▸ Work to be completed: For the data below, transcribe the part that opens with the line containing "Crafted in a" and closes with the line containing "दीपावली पर कैबिनेट", exactly and with no pictures.

▸ Provided records:
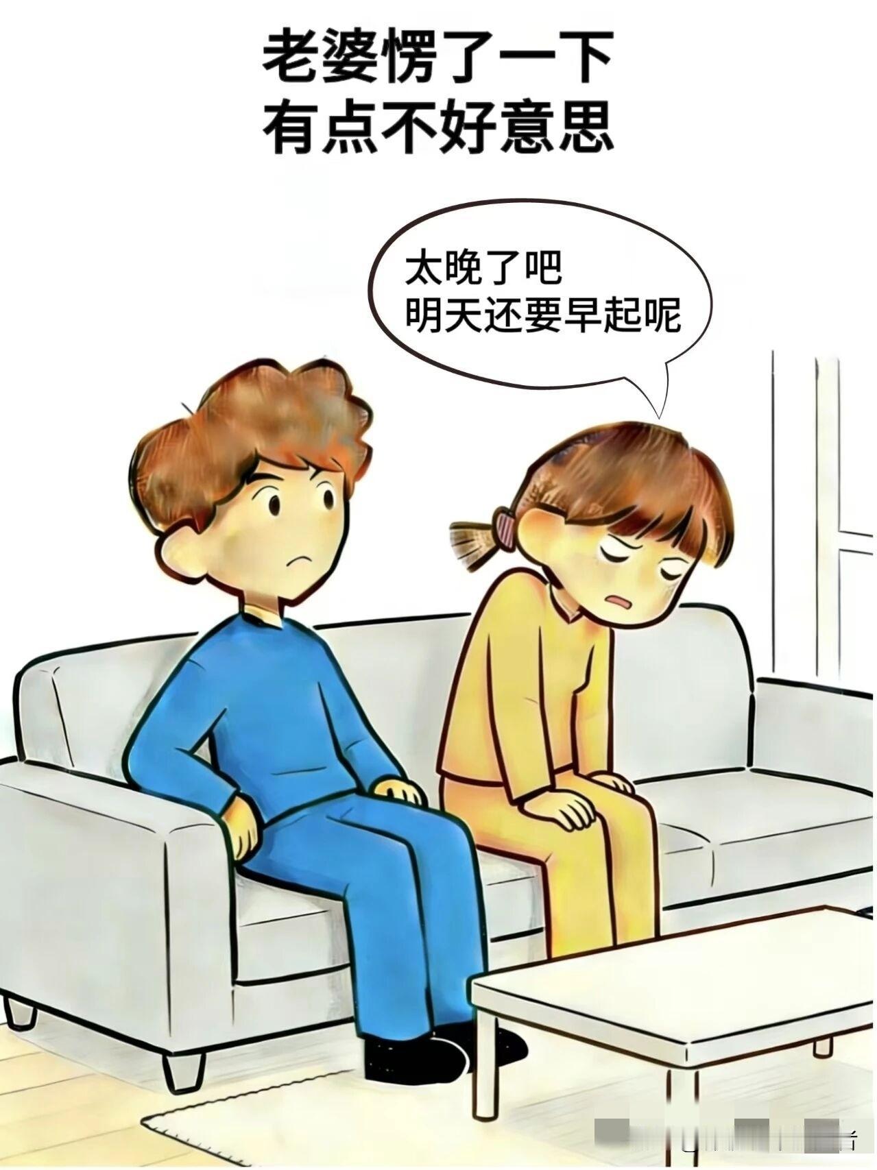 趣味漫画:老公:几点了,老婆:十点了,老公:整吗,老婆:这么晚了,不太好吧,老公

...

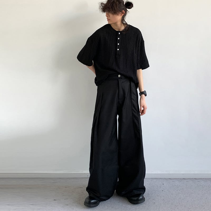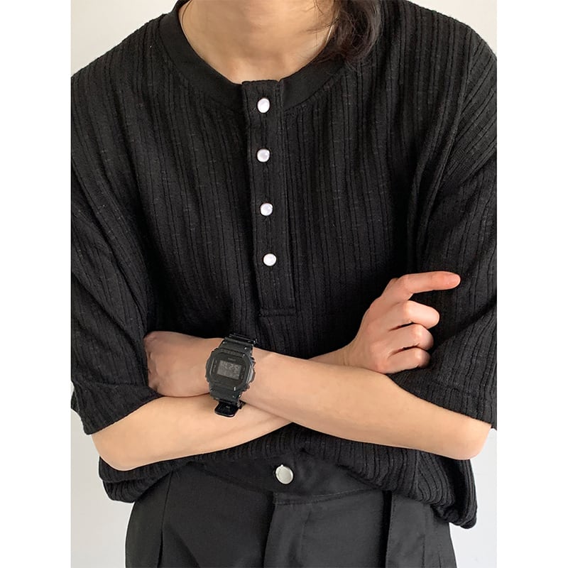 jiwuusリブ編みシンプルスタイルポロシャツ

...

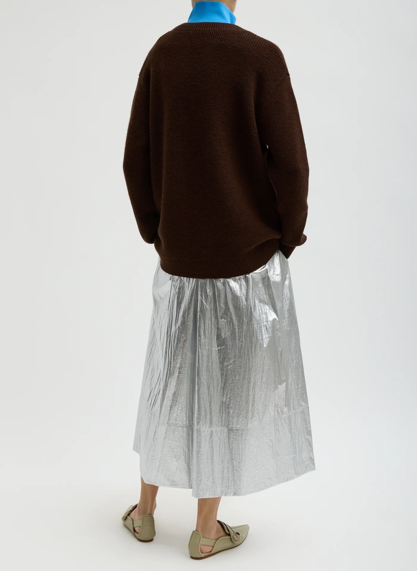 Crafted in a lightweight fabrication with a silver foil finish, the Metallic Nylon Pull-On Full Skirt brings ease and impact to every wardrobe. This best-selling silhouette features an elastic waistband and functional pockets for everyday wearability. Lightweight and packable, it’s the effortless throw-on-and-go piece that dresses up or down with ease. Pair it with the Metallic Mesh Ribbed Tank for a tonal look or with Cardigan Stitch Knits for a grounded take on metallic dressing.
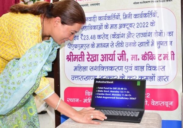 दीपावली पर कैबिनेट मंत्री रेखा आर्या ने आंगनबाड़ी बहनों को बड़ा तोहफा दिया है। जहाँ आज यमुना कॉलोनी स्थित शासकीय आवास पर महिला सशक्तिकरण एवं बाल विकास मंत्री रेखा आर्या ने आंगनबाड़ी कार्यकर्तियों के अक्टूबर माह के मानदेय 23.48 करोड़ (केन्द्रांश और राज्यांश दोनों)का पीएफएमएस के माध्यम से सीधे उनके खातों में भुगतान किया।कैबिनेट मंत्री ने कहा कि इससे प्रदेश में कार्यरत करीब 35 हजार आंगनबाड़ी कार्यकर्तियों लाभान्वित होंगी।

▸ Written response:
 Crafted in a lightweight fabrication with a silver foil finish, the Metallic Nylon Pull-On Full Skirt brings ease and impact to every wardrobe. This best-selling silhouette features an elastic waistband and functional pockets for everyday wearability. Lightweight and packable, it’s the effortless throw-on-and-go piece that dresses up or down with ease. Pair it with the Metallic Mesh Ribbed Tank for a tonal look or with Cardigan Stitch Knits for a grounded take on metallic dressing.
 दीपावली पर कैबिनेट मंत्री रेखा आर्या ने आंगनबाड़ी बहनों को बड़ा तोहफा दिया है। जहाँ आज यमुना कॉलोनी स्थित शासकीय आवास पर महिला सशक्तिकरण एवं बाल विकास मंत्री रेखा आर्या ने आंगनबाड़ी कार्यकर्तियों के अक्टूबर माह के मानदेय 23.48 करोड़ (केन्द्रांश और राज्यांश दोनों)का पीएफएमएस के माध्यम से सीधे उनके खातों में भुगतान किया।कैबिनेट मंत्री ने कहा कि इससे प्रदेश में कार्यरत करीब 35 हजार आंगनबाड़ी कार्यकर्तियों लाभान्वित होंगी।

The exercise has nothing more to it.